*** Data extract Section Begins ***

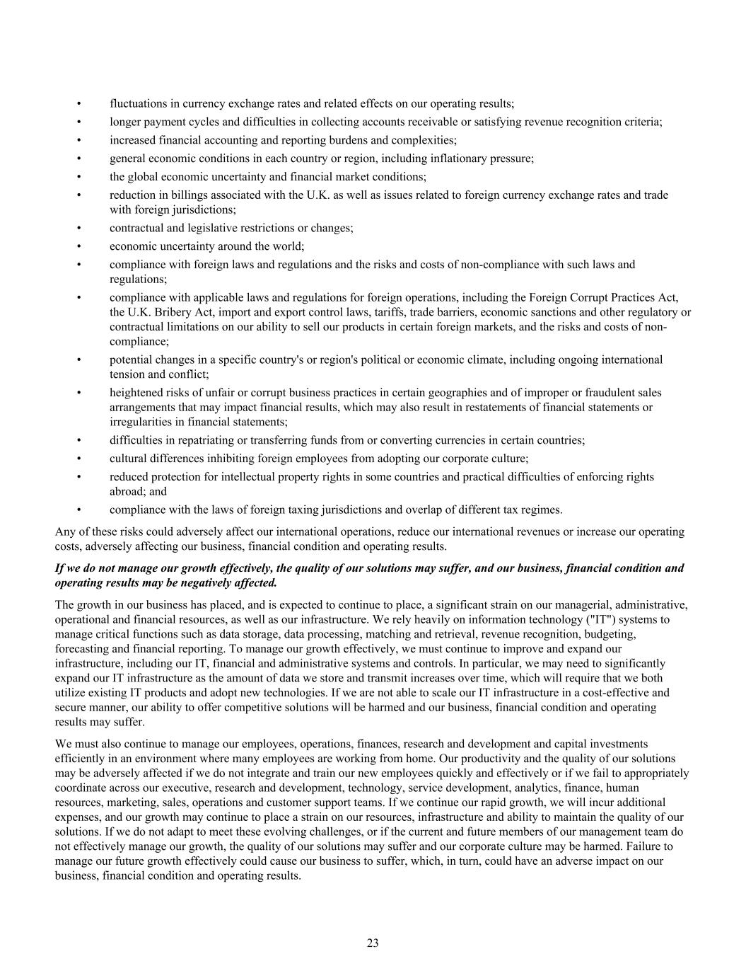 • fluctuations in currency exchange rates and related effects on our operating results; • longer payment cycles and difficulties in collecting accounts receivable or satisfying revenue recognition criteria; • increased financial accounting and reporting burdens and complexities; • general economic conditions in each country or region, including inflationary pressure; • the global economic uncertainty and financial market conditions; • reduction in billings associated with the U.K. as well as issues related to foreign currency exchange rates and trade with foreign jurisdictions; • contractual and legislative restrictions or changes; • economic uncertainty around the world; • compliance with foreign laws and regulations and the risks and costs of non-compliance with such laws and regulations; • compliance with applicable laws and regulations for foreign operations, including the Foreign Corrupt Practices Act, the U.K. Bribery Act, import and export control laws, tariffs, trade barriers, economic sanctions and other regulatory or contractual limitations on our ability to sell our products in certain foreign markets, and the risks and costs of non- compliance; • potential changes in a specific country's or region's political or economic climate, including ongoing international tension and conflict; • heightened risks of unfair or corrupt business practices in certain geographies and of improper or fraudulent sales arrangements that may impact financial results, which may also result in restatements of financial statements or irregularities in financial statements; • difficulties in repatriating or transferring funds from or converting currencies in certain countries; • cultural differences inhibiting foreign employees from adopting our corporate culture; • reduced protection for intellectual property rights in some countries and practical difficulties of enforcing rights abroad; and • compliance with the laws of foreign taxing jurisdictions and overlap of different tax regimes. Any of these risks could adversely affect our international operations, reduce our international revenues or increase our operating costs, adversely affecting our business, financial condition and operating results. If we do not manage our growth effectively, the quality of our solutions may suffer, and our business, financial condition and operating results may be negatively affected. The growth in our business has placed, and is expected to continue to place, a significant strain on our managerial, administrative, operational and financial resources, as well as our infrastructure. We rely heavily on information technology ("IT") systems to manage critical functions such as data storage, data processing, matching and retrieval, revenue recognition, budgeting, forecasting and financial reporting. To manage our growth effectively, we must continue to improve and expand our infrastructure, including our IT, financial and administrative systems and controls. In particular, we may need to significantly expand our IT infrastructure as the amount of data we store and transmit increases over time, which will require that we both utilize existing IT products and adopt new technologies. If we are not able to scale our IT infrastructure in a cost-effective and secure manner, our ability to offer competitive solutions will be harmed and our business, financial condition and operating results may suffer. We must also continue to manage our employees, operations, finances, research and development and capital investments efficiently in an environment where many employees are working from home. Our productivity and the quality of our solutions may be adversely affected if we do not integrate and train our new employees quickly and effectively or if we fail to appropriately coordinate across our executive, research and development, technology, service development, analytics, finance, human resources, marketing, sales, operations and customer support teams. If we continue our rapid growth, we will incur additional expenses, and our growth may continue to place a strain on our resources, infrastructure and ability to maintain the quality of our solutions. If we do not adapt to meet these evolving challenges, or if the current and future members of our management team do not effectively manage our growth, the quality of our solutions may suffer and our corporate culture may be harmed. Failure to manage our future growth effectively could cause our business to suffer, which, in turn, could have an adverse impact on our business, financial condition and operating results. 23
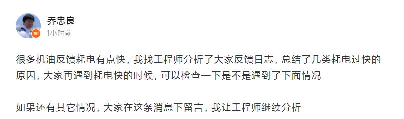 有趣的是,在小米高管乔忠良发布这则帖子后,网友的整体评价其实是比较负面的。一部分用户抱怨,“我买的可是旗舰手机,如果不开这些功能,那不就是在白白浪费性能吗?”另外一部分用户表示,“明明小米官方知道手机耗电过快的原因,为什么续航能力还是跟不上呢?”
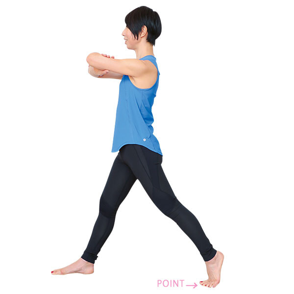 1. 肩の高さで腕を地面と平行に組み、脚を前後に開いて立つ。後ろ脚は母指球から足裏が曲がるようにして上に伸びてストレッチ。

*** Data extract Section Ends ***

■ What needs to be done
Within the listing above, find the line containing "有趣的是,在小米高管乔忠良发", then print it and every line after it exactly, leaving out pictures.

■ Task solution
 有趣的是,在小米高管乔忠良发布这则帖子后,网友的整体评价其实是比较负面的。一部分用户抱怨,“我买的可是旗舰手机,如果不开这些功能,那不就是在白白浪费性能吗?”另外一部分用户表示,“明明小米官方知道手机耗电过快的原因,为什么续航能力还是跟不上呢?”
 1. 肩の高さで腕を地面と平行に組み、脚を前後に開いて立つ。後ろ脚は母指球から足裏が曲がるようにして上に伸びてストレッチ。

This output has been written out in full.